Recording apparatus 10 includes recording head 16 which is movable with respect to media support 12 in this example embodiment. In this example embodiment of the invention, media support 12 is adapted to move by rotating about its rotational axis. In this example embodiment, recording head 16 is mounted on movable carriage 18. Carriage 18 is operated to cause recording head 16 to be moved along a path aligned with the rotational axis of media support 12. Motion system 22 (which can include one or more motion systems) can include any suitable drives needed for the required movement. Motion, system 22 is used to provide relative movement between recording head 16 and media support 12. In this example embodiment of the invention, motion system 22 is used to move media support 12 along a path aligned with main-scan axis MSA and is used to move recording head 16 along a path aligned with sub-scan axis SSA. Guide system 32 is used to guide carriage 18 which is moved under the influence of transmission member 33. In this example embodiment of the invention, transmission member 33 includes a precision screw mechanism. In some example embodiments, several recording heads 16 are moved in a manner in which each of the recording heads 16 is moved independently of one another. In some example embodiments, several recording heads 16 are moved in tandem.
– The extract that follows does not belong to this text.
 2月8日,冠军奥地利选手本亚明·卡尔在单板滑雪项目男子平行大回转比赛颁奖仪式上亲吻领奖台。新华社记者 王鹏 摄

Those skilled in the art will realize that various forms of relative movement between recording head 16 and media support 12 can be used in accordance with the present invention. For example, in some cases recording head 16 can be stationary while media support 12 is moved. In other cases, media support 12 is stationary and recording head 16 is moved. In still other cases, both recording head 16 and media support 12 are moved. One or both of recording head 16 and media support 12 can reciprocate along corresponding paths. Separate motion systems can also be used to operate different systems within recording apparatus 10.
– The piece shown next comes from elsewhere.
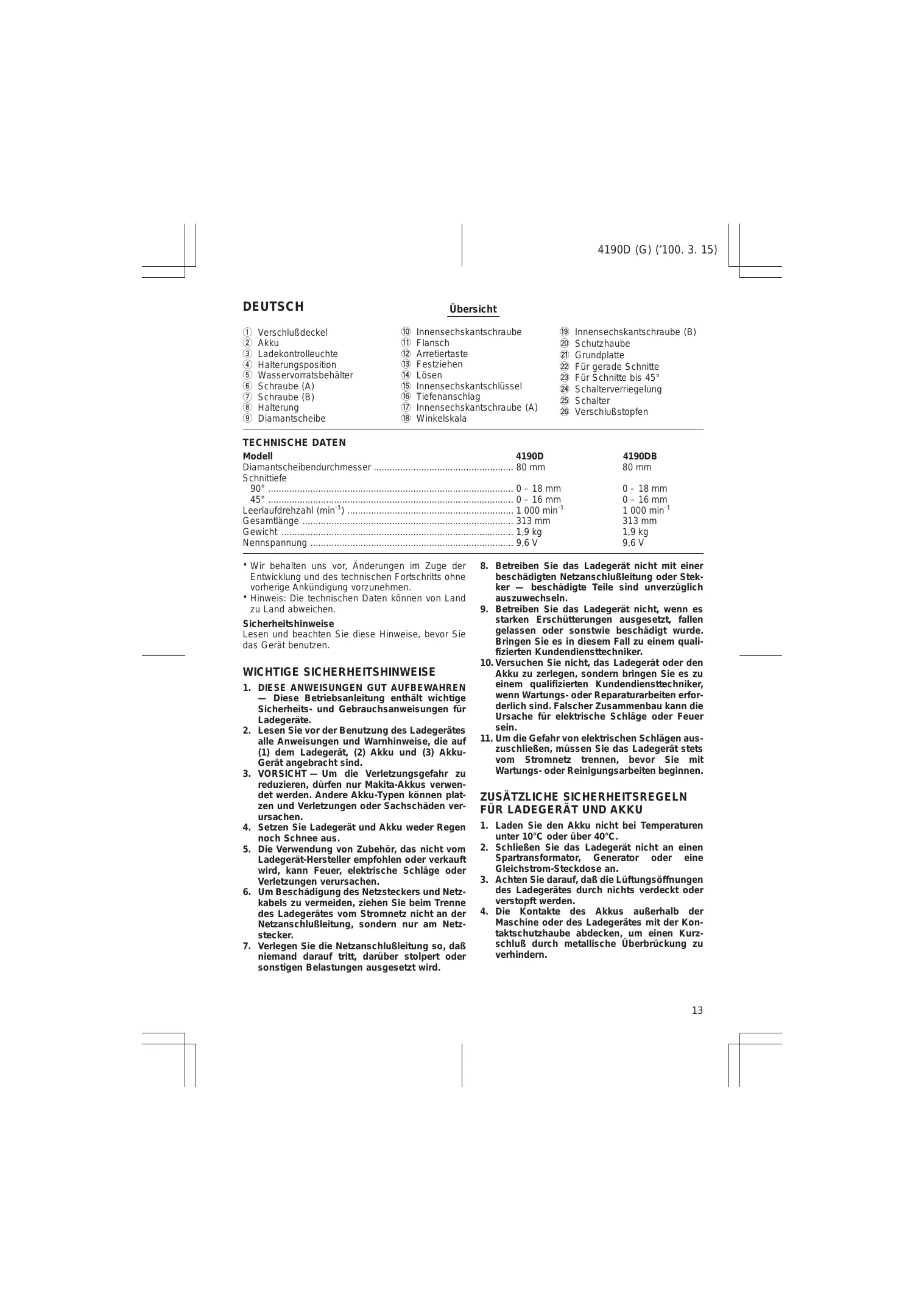 BEDIENUNGSANLEITUNG 4190D MAKITA

Controller 30, which can include one or more controllers, is used to control one or more systems of recording apparatus 10 including, but not limited to the motion system 22 used by media support 12 and carriage 18. Controller 30 can also control media handling mechanisms that can initiate the loading or unloading of recording media 17 to, or from media support 12. Controller 30 can also control recording head 16 to form image 19 in accordance with image data 37. Various systems can be controlled using various control signals and by implementing various methods. Controller 30 is programmable and can be configured to execute suitable software and can include one or more data processors, together with suitable hardware, including by way of non-limiting example: accessible memory, logic circuitry, drivers, amplifiers, A/D and D/A converters, input/output ports, and the like. Controller 30 can comprise, without limitation, a microprocessor, a computer-on-a-chip, the CPU of a computer, or any other suitable microcontroller. Controller 30 can consist of one ore more logical units, each of which is dedicated to performing a particular task in accordance with one or more various example embodiments of the invention.
Recording head 16 includes plurality of marking elements 23 which can be arranged in various configurations including various array configurations. An array of marking elements 23 can include a one-dimensional or a two-dimensional array of the marking elements. In this regard, marking elements 23 are arranged according to a regular pattern as defined by the array.
Each of the marking elements 23 is controllable to form an image element 45 on recording media 17 in accordance with image information provided by image data 37. As used herein, image element 45 refers to a single unit element of image that can be formed on recording media 17, and is also known in the image-forming arts as an “image pixel” or “dot.” In the present invention, various image elements 45 can be combined with other image elements 45 to form various features of image 17. Image elements 45 can be combined to form various patterns of image elements 45 including halftone patterns, stochastic patterns and hybrid patterns (i.e. patterns that include halftone and stochastic patterns). Halftone patterns are an example where the image elements 45 are arranged in regular patterns.
Marking elements 23 can be controlled to form images on recording media 17 by different methods. For example, in various inkjet applications, marking elements 23 can include various nozzle structures that are operable for emitting drops of image forming material onto a surface of recording media 17. Image forming materials can include colorants, dye-based compositions, pigment-based compositions, photo-sensitive compositions and thermo-sensitive compositions, for example.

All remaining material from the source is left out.